Key Points:
• Iran is ultimately responsible for the drone attack on Saudi oil infrastructure
• Expect escalation between Iran, Saudi Arabia, and Israel in the region
Background:
Yemen based, but Iran backed, Houthi rebels took responsibility for a drone attack in Saudi Arabia that damaged two plants critical to the Kingdom’s oil infrastructure. The result of the attack on Saturday could temporarily cut Saudi Arabia’s oil output in half. How can we expect regional players to respond and how will this impact the energy market?
What Has Happened: “Clearly this is not Houthi technology. This attack is an extension of the proxy war in Yemen but quite sophisticated unlike past Houthi attacks. Just like Iranian Quds Force and Hezbollah IED proliferation, this is a new tool we should expect to see flourish. Not surprising to see the attack focused on Saudi oil infrastructure as it targets the heart of the Kingdom’s economic power. It is very hard to defend against this type of attack. We can expect to see retaliation and escalation between the involved parties.” General Frank Kearney
“Tehran is responsible for this attack. We see Iranian influence and its aggressive policies continuing. I would expect retaliatory strikes by the Saudi Air Force, and the Israel Defense Force will take advantage of the regional chaos and strike into Syria. Despite a challenged history, at this moment, and especially against Tehran, Riyadh and Jerusalem are “partners”. For Iran’s response, watch the Strait of Hormuz. Iran will declare innocence with regard to the drone strikes and will claim its increased provocation is defensive.” General Spider Marks
Why it Matters:
Comments from Head of Macro Strategy – Peter Tchir
1) Clearly the price of oil will go up and we should see Brent Crude rise faster than WTI. This fits with our ongoing theme that securing “safe” energy sources should be paramount to many companies’ strategies and supports our ongoing National Defense efforts for full domestic energy self-sufficiency.
2) While traditionally an attack of this magnitude would create a ‘risk off’ moment, we don’t think that will be the case right now. As a net exporter, we have exhibited great resilience to disturbances in the Middle East. In fact, the argument could be made, and we’ve made it repeatedly, that higher energy prices, especially when the result of supply disruptions in the Middle East or elsewhere are very good for the U.S. economy and energy companies.
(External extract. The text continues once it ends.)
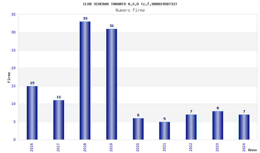 | Anno | Firme | Importi | Media | Naz. | Reg. | Prov. | Comu. |

It will also ensure D.C. remains focused on the issue of domestic supply and continues to support, rather than antagonize, that industry. So, energy equities and bonds may continue to see a bounce in prices that started in late august and accelerated last week. The energy field service providers could also be interesting as any retaliation and further attacks will likely just create more future business for them (harsh – but likely accurate).
3) On the treasury/rates side of the equation, the ‘traditional’ reaction would be for a flight to safety. We may see that as a knee-jerk reaction, but unless there are clear signs of significant escalation, rather than ‘just’ retaliation, we think the rally in treasuries will be short-lived. In fact, this only adds to the inflationary pressures we have seen creeping into the market with some recent data.